Upon completion of the Antipasti hour, we were directed to IWMs event area which has an excellent, fully furnished, fully staffed kitchen along the western wall and two long dining tables located in sequence to the east of the kitchen. The dining tables were appropriately adorned for a high-end wine dinner and seating was arrayed on both sides of each table. Seating was pre-arranged with name cards informing each guest where he/she was located. I was pleased to see that I was sitting obliquely opposite Alessia Antinori, in good position to interact extensively with her over the course of the evening (Midway through the dinner, Alessia and Piero switched places so that I had excellent access to both of them.).

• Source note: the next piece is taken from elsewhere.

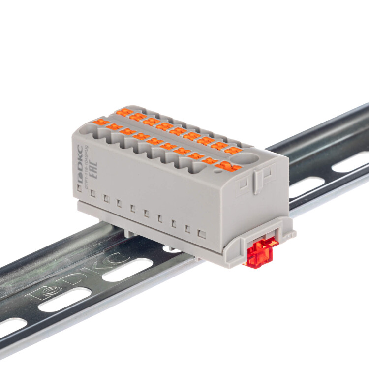 Распределительный блок с push-in зажимом и вертикальным адаптером предназначен для удобного и безопасного распределения потенциала между несколькими цепями. Имеет один ввод для проводников сечением 6 мм² и восемнадцать точек подключения по 2,5 мм². Монтаж выполняется без инструмента, установка возможна на DIN-рейку шириной 15 или 35 мм. Корпус изготовлен из полиамида 6.6 с классом горючести V0 по UL-94, обеспечивающего надежность и термостойкость. Габариты (В×Ш×Г) — 21,7×56,9×28,8 мм, цвет — серый.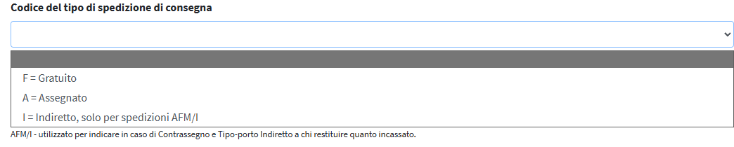 • I = Indiretto (solo per spedizioni AFM/I) : Questo valore è utilizzato esclusivamente per spedizioni di tipo AFM/I, in cui il pagamento del trasporto è gestito in modo indiretto. È impiegato, ad esempio, per spedizioni in contrassegno o tipo-porto indiretto, quando occorre specificare a chi restituire l’importo incassato.

After everyone was seated, Chris Deas, VP at IWM, welcomed us and said a few words about the event and the winemakers. He happened to mention that (i) Piero was the Brand Ambassador for Tenuta San Guido's Sassicaia, (ii) that Fiorano was famous for its white wines, and (iii) that we would be tasting some of the newest Chacra vintages. Upon completion of his remarks, Chris turned the floor over to Piero who introduced his wines. And then on to the dinner.
The Bodega Chacra Pinot Noir Cincuenta y Cinco 2010 and 2011 were accompanied by Wild Salmon with Pancetta and Leeks. The presentation on this meal was immaculate with the concentric circles on the plate working in towards a small bowl in the center which seemed just barely large enough to accomodate the fare. The dish was heavenly and paired extremely well with the wines.
The wines for this course were sourced from the estate's 1955 vineyard and represents the estate's attempt at a more "feminine" expression of Pinot Noir. The 2010 is seen by the estate as proof that concentration can be achieved without over-extraction and high alcohol levels (11.4% abv) while the 2011 exhibits riper fruit, the result of a warmer vintage. The alcohol in the 2011 vintage is 13%.
I found these wines to exhibit ripe red fruit on both the nose and the palate with great engagement on the attack and the mid-palate. The roundness of mouthfeel may become more evident as the wine is allowed to evolve in the glass.
The final Bodega Chacra offerings of the evening were three vintages (2008, 2009, 2010) of the Treinta y Dos to accompany a Pan-Seared Duck in Duck Jus over Autumn Root Vegetables.
This was another immaculately prepared and presented dish and was shown off to good measure by the accompanying wines. This is the flagship wine of the Chacra stable and its "masculinity" and "angularity" will reward the patient drinker with classic Burgundian characteristics. I found these wines to be variations on a theme of ripe red fruits (strawberries, cherries) on the nose with red fruits, good acidity, and spiciness on the palate adding to an overall perception of complexity. Definitely more power than exhibited by the Cincuenta y Cinco.
Overall this was a great event. It presented the winemaker and his wines in a favorable environment populated with great food and enthusiastic, committed vinophiles. I enjoyed this event and will be following the fortunes of this estate closely as it continues to make great wines at the bottom of the world.